The post drew a lot of attention in the COVID-19 data world, including with readers of the COVID-19 Data Dispatch. (Shout-out to the reader who sent me some bonus analysis of vaccinations by Zodiac element!) Unfortunately, additional research into the Salt Lake County Health Department’s data has shown me that the agency’s analysis might not be particularly robust—and I feel it is my journalistic duty to share this with you.
Here’s the deal. In order to calculate vaccination rates by Zodiac sign, you need two things: vaccinations organized by birthday (your numerator), and the overall population organized by birthday (your denominator). Health departments can easily access the numerator, as it is standard for people to provide their birthdays along with other basic demographic information when they get vaccinated.
But the denominator is trickier. The average U.S. public health department doesn’t have access to the birthdays of every resident in its jurisdiction; some information might be available from a large hospital system or primary care network, but it wouldn’t be comprehensive. So, for an analysis like the Salt Lake County agency’s, a researcher needs to find a substitute.
In this case, the researchers used estimates of Zodiac sign representation in the entire U.S. population, apparently calculated in 2012. Not only are these numbers based on birthdays across the entire country (which could be pretty different from the birthdays in one Utah county!), they’re almost ten years old. There’s a lot of distance between these estimates and vaccination numbers among a 2021 Salt Lake City population.
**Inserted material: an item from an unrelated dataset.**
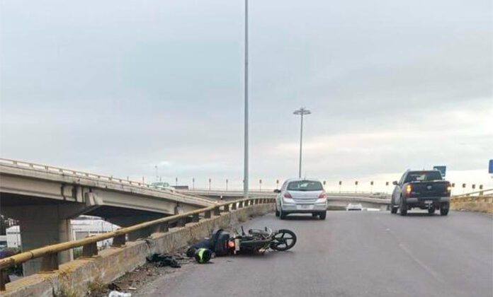 Fue en ese tramo en donde perdió el control del volante y de esta forma se desplomó al asfalto en donde derrapó por varios metros golpeándose contra la contención de concreto.

The public health workers acknowledged that their analysis is “not super scientific” in interviews with the Salt Lake Tribune. Still, the widely-shared Twitter post itself could do with a few more caveats, in my opinion.
It’s now been almost two months since the CDC approved third vaccine doses for patients with weakened immune systems—and over two weeks since the agency approved third Pfizer doses for patients with increased breakthrough case risk. Since August 13, the CDC’s dashboard says, about 7.3 million Americans have received a third dose.
As I mentioned in today’s National Numbers post, these booster shots are obfuscating the country’s vaccination trends. Over one million people have been vaccinated every day for the past week, but roughly half of those people were getting their booster shots.
One might think I am sourcing that daily booster shot number from the CDC dashboard, but no: it comes, as many key COVID-19 data updates do these days, from the Twitter account of White House COVID-19 Data Director Cyrus Shahpar. The CDC has yet to add any booster shot data to its dashboard beyond a total count of doses administered.
Much as I appreciate Shahpar’s daily updates, I would like to see the agency add those daily booster shot counts to its dashboard. And why stop there? The CDC should also provide information on the demographics of those getting booster shots, such as age and race/ethnicity, as well as geographic trends.
Notably, the New York Times has added a booster shot trendline to its vaccination dashboard; see the chart titled “New reported people vaccinated.” As I noted last week, 15 states have added booster shots to their vaccine dashboards and reports as well, including three states that are reporting demographic breakdowns. The CDC is behind the data reporting curve, as usual.
On June 30, Nebraska’s public health department discontinued its COVID-19 dashboard. The dashboard had provided daily updates for cases, deaths, vaccinations, and other metrics. After June 30, it was replaced with a stripped-down “Weekly Data Update,” providing a few major metrics, such as the cases reported and vaccine doses administered in the past week. This update is posted every Wednesday.
When I checked on Nebraska yesterday for an update of my vaccine annotations page, I was shocked to find that the state’s Weekly Update has been pared down even further. It now includes just two metrics: variants of concern and vaccine breakthroughs. Nebraska’s health department is reporting: 1) the total cases identified as variants of concern in the state, and 2) total cases, hospitalizations, and deaths split by “fully vaccinated” and “not fully vaccinated.”
This is literally the entire report. Screenshot taken on October 3.
Compared to the detailed dashboard this state used to produce, this weekly update is incredibly sparse. It reminds me of a state COVID-19 data page from the early days of the pandemic—like, March 2020. If any local journalists from Nebraska are reading: I am so sorry.
If you post in the COVID-19 data Twitter-sphere, you’re likely familiar with Philip Nelson, a computer science student at Winthrop University—and an expert in navigating and sharing data from the state of South Carolina. Philip posts regular South Carolina updates including the state’s case counts, hospitalizations, test positivity, and other major figures, and contributes to discussions about data analysis and accessibility.
I invited Philip to contribute a post this week after reading his Tweets about his ongoing challenges in accessing his state’s hospitalization data. Basically, after Philip publicized a backend data service that enabled users to see daily COVID-19 patient numbers by individual South Carolina hospital, the state restricted this service’s use—essentially making the data impossible for outside researchers to analyze.
To me, his story speaks to broader issues with state COVID-19 data, such as: agencies adding or removing data without explanation, a lack of clear data documentation, failure to advertise data sources to the public, and mismatches between state and federal data sources. These issues are, of course, tied to the systematic underfunding of state and local public health departments across the country, making them unequipped to respond to the pandemic.
South Carolina seems to be particularly arduous to deal with, however, as Philip describes below.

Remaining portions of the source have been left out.